What This Calculator Does

This tool applies Vieta formulas to a quadratic equation written in standard form \(ax^{2} + bx + c = 0\). Without ever solving for the actual roots, it instantly returns the sum of the roots and the product of the roots. This is incredibly handy for checking your work, building equations from known roots, or solving problems where only the sum and product matter.

How to Use It

Enter the three coefficients: a (the coefficient of \(x^{2}\)), b (the coefficient of \(x\)), and c (the constant term). The coefficient a must not be zero, otherwise the equation is linear rather than quadratic.
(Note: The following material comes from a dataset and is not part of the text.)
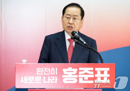 제21대 대통령선거에 출마를 선언한 홍준표 전 대구시장이 15일 오후 서울 여의도 자신의 캠프 사무실에서 '선진대국시대' 비전을 발표하고 있다. 2025.4.15/뉴스1 ⓒ News1 이재명 기자 |

The calculator returns the sum \(\left(-\frac{b}{a}\right)\), the product \(\left(\frac{c}{a}\right)\), and the discriminant \(\left(b^{2} - 4ac\right)\), which tells you the nature of the roots.

The Formula Explained

For any quadratic \(ax^{2} + bx + c = 0\) with roots \(x_{1}\) and \(x_{2}\), Vieta formulas state that $$x_{1} + x_{2} = -\frac{b}{a} \qquad x_{1} \cdot x_{2} = \frac{c}{a}$$ These follow directly from factoring: $$a(x - x_{1})(x - x_{2}) = ax^{2} - a(x_{1}+x_{2})x + a\cdot x_{1}x_{2}$$ then matching coefficients with the original equation.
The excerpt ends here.